(Recorded data)
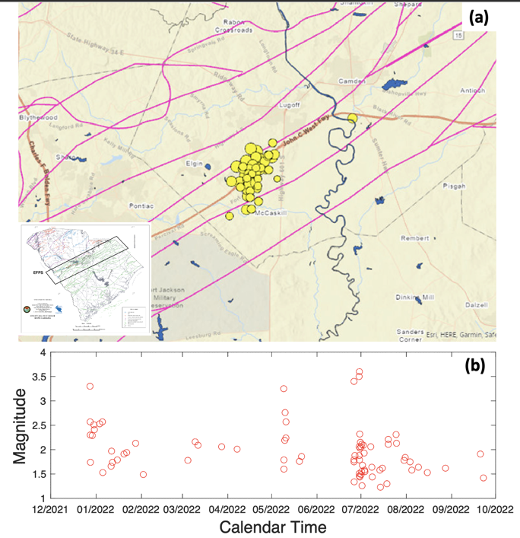 South Carolina has earthquakes! Since the end of December 2021, Elgin, South Carolina has experienced over 80 earthquakes up to a magnitude of roughly 3.5. They are occurring as part of a “swarm”, where there is no single large earthquake but instead many smaller earthquakes of similar magnitudes.
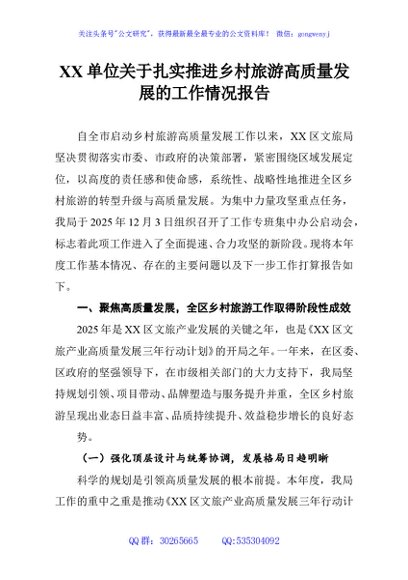 / XX单位关于扎实推进乡村旅游高质量发展的工作情况报告
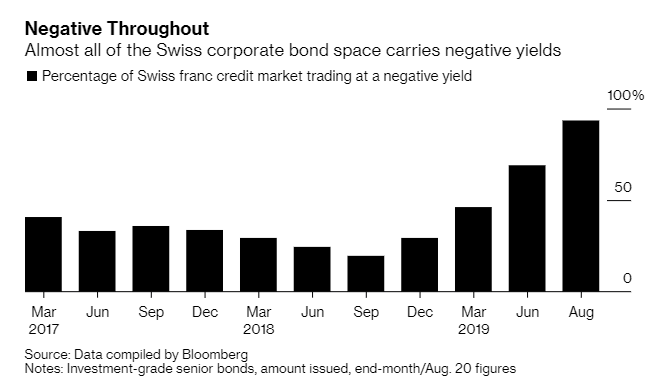 Και να κλείσουμε με ένα ενδιαφέρον στατιστικό από την παγκόσμια οικονομία. Ένα στατιστικό από την Ελβετία. Ένα στατικό το οποίο, όπως είχαμε γράψει και την Παρασκευή με αφορμή το σχόλιο για τα ιρλανδικά ομόλογα, πως κάτι δεν πάει καλά στην παγκόσμια οικονομία. Με πλεονάζουσα ρευστότητα που δεν ξέρει που να επενδύσει, εν μέσω ενός παγκόσμιου slow down. Είναι λοιπόν εντυπωσιακό πως το 94% των κύριων εταιρικών ομολόγων έχουνε αρνητικές αποδόσεις!!! Και επαναλαμβάνουμε πως μιλάμε για εταιρικές εκδόσεις και όχι ομόλογα χωρών.
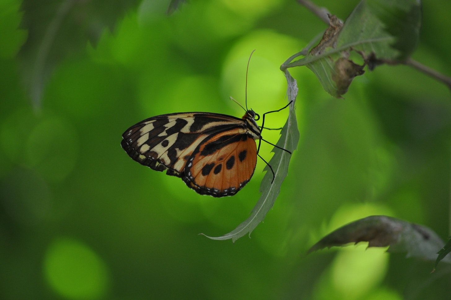 Image description: A black and orange butterfly (post-transformation) perches on a green leaf.
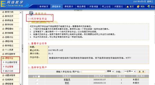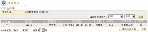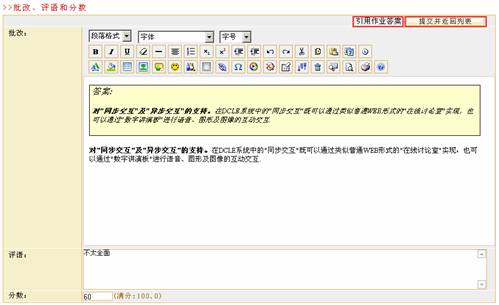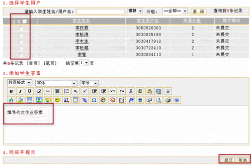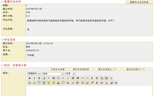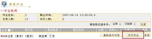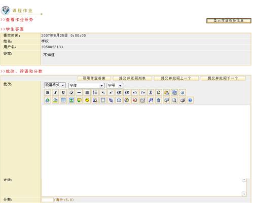 教师在批阅作业空间可以对学生提交的作业进行批阅打分或删除。 单击作业管理页面的“批阅作业” 图 6 批阅作业 选择过滤条件 可根据学生分组和是否批阅两种情况过滤所显示的提交作业列表。 根据页面提示选择条件后,单击“过滤” 查看学生基本信息 单击用户名,真实姓名可查看学生基本信息,如下图所示: 图 7 学生基本信息 代交作业 平台为教师提供了“代交作业”的功能,教师可以代替学生完成作业提交工作。在要批阅的作业后单击“批阅” 图 8 作业批阅 图 9 代交作业 进入作业代交页面后,页面上显示了本次代交作业任务。教师选择相应的代交作业的学生,将其姓名前的复选框 图 10 填写代交答案 批阅作业 在要批阅的作业后单击“批阅” 如果页面内容较多,可单击“隐藏作业任务信息”按钮将作业信息隐藏起来。 图 11 批阅页面1 图 12 批阅页面2 批改作业 系统默认将学生答案显示在批改框中,教师可对答案的每一部分进行批改,也可以单击页面上发的引用作业答案整体引用学生答案,如下图所示: 图 13 批阅页面3 评语中可以输入教师对该作业的评语,分数框中教师可以给学生打分,所打的分数不能超过布置作业时所设置的满分,并且会在统计信息中被统计。 批阅完毕后单击“提交并返回列表” 删除 在批阅作业页面可以删除不需要的信息,例如已批阅的作业信息就可以被删除。单击要删除作业前的选择框选择要删除的作业,再单击“删除选中内容”按钮 图 14 删除作业
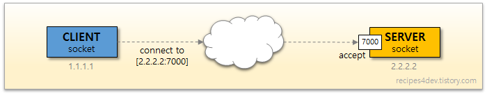 - 클라이언트는 서버의 IP 주소와 포트 번호를 사용하여 소켓을 생성하고, 이를 통해 서버에 연결을 시도합니다.
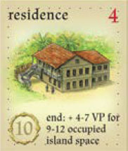 Example: at game end, the owner of the occupied residence has filled 10 of his 12 island spaces with plantations and quarries: he earns an additional 5 VP.
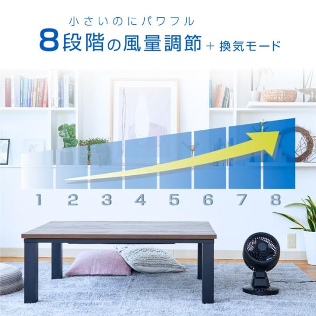 風量は微風〜強風の8段階プラス換気モードの9段階に設定でき、室内の空気を緩やかに循環させて冷暖房の効率をアップしたり、
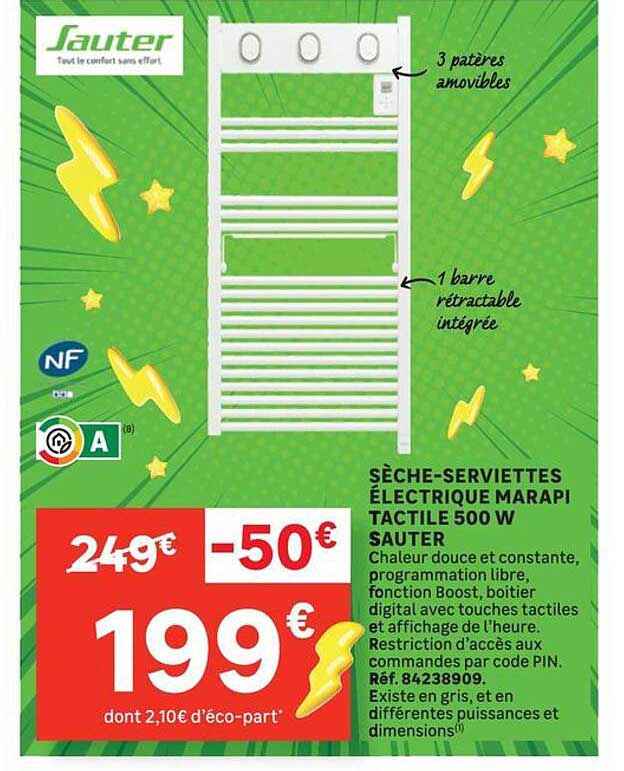Découvrez dès maintenant la offre Sèche-serviettes électrique Marapi tactile 500 W Sauter dans le catalogue de Leroy Merlin. Cette offre est valable du 15/10/2025 au 04/11/2025.
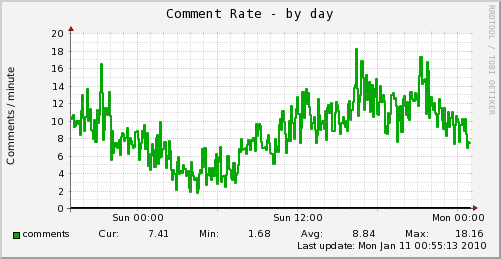 It turns out munin has an option called DERIVE, which turns your monotonically increasing value in to a per unit of time graph. So, I created a little REST API that returns the total number of pictures on the site. Then, all I had to do was scoop it up with a fairly simple munin plugin.
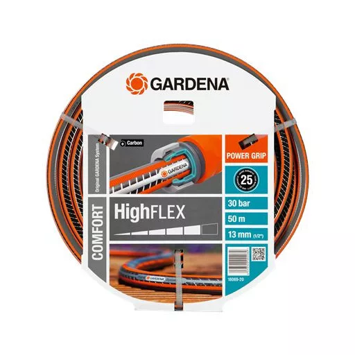 GARDENA Comfort HighFLEX crijevo s Power Grip rebrima osigurava savršeno prianjanje između crijeva i priključka. Zahvaljujući novoj tehnologiji uklapaju se poput zupčanika. Power Grip rebrima ostvaruje se stara želja mnogih vrtlara: pouzdana veza s izvrsnom nosivošću. Rebrasta površina dodatno olakšava namotavanje crijeva i dobro klizi. Zbog guste, visokokvalitetne spiralne mrežaste tkanine u kojoj se dvije spiralne niti kreću u suprotnim smjerovima, crijevo je otporno na tlak i zadržava oblik, a pritom je znatno fleksibilnije u uporabi nego Comfort FLEX crijevo. To je zasluga gustoće spirala koja crijevo čini još fleksibilnijim i lakšim za rukovanje. Crijevo se ne zapetljava niti uvija. Sve to pruža najbolje preduvjete za jednostavnu i svestranu uporabu u vrtu. Po potrebi izvrsno se koristi s originalnim GARDENA System priključcima i zalijevnim priborom. Ne sadrži štetne omekšivače (ftalate) ni teške metale i naravno otporno je na UV-zračenje. Debeli zid posebno ga čini robusnim i izdržljivim. 30 bar granični tlak. 25 godina jamstva.
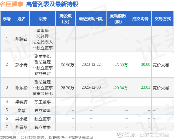 名臣健康的高管列表及最新持股情况如下:
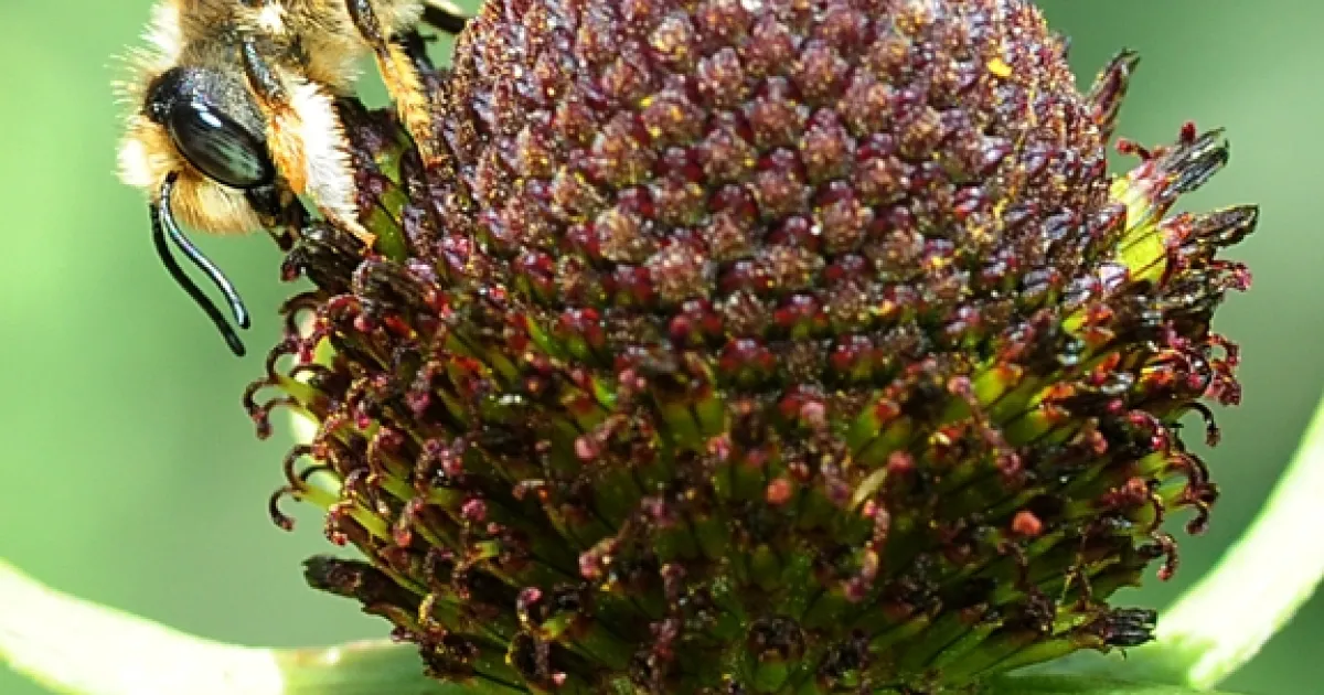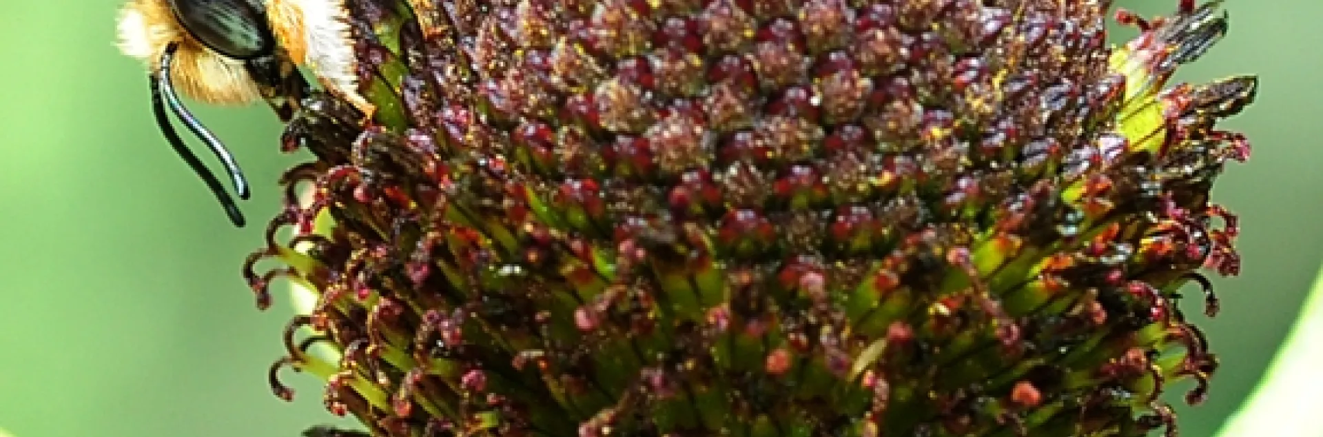Male leafcutter bee, Megachile fidelis, as identified by Robbin Thorp, on coneflower. (Photo by Kathy Keatley Garvey)

Goal of the exercise:
A word-for-word transcription of the entries above, free of images, is what is wanted.

Response:
 South Carolina has earthquakes! Since the end of December 2021, Elgin, South Carolina has experienced over 80 earthquakes up to a magnitude of roughly 3.5. They are occurring as part of a “swarm”, where there is no single large earthquake but instead many smaller earthquakes of similar magnitudes.
 / XX单位关于扎实推进乡村旅游高质量发展的工作情况报告
 Και να κλείσουμε με ένα ενδιαφέρον στατιστικό από την παγκόσμια οικονομία. Ένα στατιστικό από την Ελβετία. Ένα στατικό το οποίο, όπως είχαμε γράψει και την Παρασκευή με αφορμή το σχόλιο για τα ιρλανδικά ομόλογα, πως κάτι δεν πάει καλά στην παγκόσμια οικονομία. Με πλεονάζουσα ρευστότητα που δεν ξέρει που να επενδύσει, εν μέσω ενός παγκόσμιου slow down. Είναι λοιπόν εντυπωσιακό πως το 94% των κύριων εταιρικών ομολόγων έχουνε αρνητικές αποδόσεις!!! Και επαναλαμβάνουμε πως μιλάμε για εταιρικές εκδόσεις και όχι ομόλογα χωρών.
 Image description: A black and orange butterfly (post-transformation) perches on a green leaf.
 教师在批阅作业空间可以对学生提交的作业进行批阅打分或删除。 单击作业管理页面的“批阅作业” 图 6 批阅作业 选择过滤条件 可根据学生分组和是否批阅两种情况过滤所显示的提交作业列表。 根据页面提示选择条件后,单击“过滤” 查看学生基本信息 单击用户名,真实姓名可查看学生基本信息,如下图所示: 图 7 学生基本信息 代交作业 平台为教师提供了“代交作业”的功能,教师可以代替学生完成作业提交工作。在要批阅的作业后单击“批阅” 图 8 作业批阅 图 9 代交作业 进入作业代交页面后,页面上显示了本次代交作业任务。教师选择相应的代交作业的学生,将其姓名前的复选框 图 10 填写代交答案 批阅作业 在要批阅的作业后单击“批阅” 如果页面内容较多,可单击“隐藏作业任务信息”按钮将作业信息隐藏起来。 图 11 批阅页面1 图 12 批阅页面2 批改作业 系统默认将学生答案显示在批改框中,教师可对答案的每一部分进行批改,也可以单击页面上发的引用作业答案整体引用学生答案,如下图所示: 图 13 批阅页面3 评语中可以输入教师对该作业的评语,分数框中教师可以给学生打分,所打的分数不能超过布置作业时所设置的满分,并且会在统计信息中被统计。 批阅完毕后单击“提交并返回列表” 删除 在批阅作业页面可以删除不需要的信息,例如已批阅的作业信息就可以被删除。单击要删除作业前的选择框选择要删除的作业,再单击“删除选中内容”按钮 图 14 删除作业
 - 클라이언트는 서버의 IP 주소와 포트 번호를 사용하여 소켓을 생성하고, 이를 통해 서버에 연결을 시도합니다.
 Example: at game end, the owner of the occupied residence has filled 10 of his 12 island spaces with plantations and quarries: he earns an additional 5 VP.
 風量は微風〜強風の8段階プラス換気モードの9段階に設定でき、室内の空気を緩やかに循環させて冷暖房の効率をアップしたり、
Découvrez dès maintenant la offre Sèche-serviettes électrique Marapi tactile 500 W Sauter dans le catalogue de Leroy Merlin. Cette offre est valable du 15/10/2025 au 04/11/2025.
 It turns out munin has an option called DERIVE, which turns your monotonically increasing value in to a per unit of time graph. So, I created a little REST API that returns the total number of pictures on the site. Then, all I had to do was scoop it up with a fairly simple munin plugin.
 GARDENA Comfort HighFLEX crijevo s Power Grip rebrima osigurava savršeno prianjanje između crijeva i priključka. Zahvaljujući novoj tehnologiji uklapaju se poput zupčanika. Power Grip rebrima ostvaruje se stara želja mnogih vrtlara: pouzdana veza s izvrsnom nosivošću. Rebrasta površina dodatno olakšava namotavanje crijeva i dobro klizi. Zbog guste, visokokvalitetne spiralne mrežaste tkanine u kojoj se dvije spiralne niti kreću u suprotnim smjerovima, crijevo je otporno na tlak i zadržava oblik, a pritom je znatno fleksibilnije u uporabi nego Comfort FLEX crijevo. To je zasluga gustoće spirala koja crijevo čini još fleksibilnijim i lakšim za rukovanje. Crijevo se ne zapetljava niti uvija. Sve to pruža najbolje preduvjete za jednostavnu i svestranu uporabu u vrtu. Po potrebi izvrsno se koristi s originalnim GARDENA System priključcima i zalijevnim priborom. Ne sadrži štetne omekšivače (ftalate) ni teške metale i naravno otporno je na UV-zračenje. Debeli zid posebno ga čini robusnim i izdržljivim. 30 bar granični tlak. 25 godina jamstva.
 名臣健康的高管列表及最新持股情况如下:
Male leafcutter bee, Megachile fidelis, as identified by Robbin Thorp, on coneflower. (Photo by Kathy Keatley Garvey)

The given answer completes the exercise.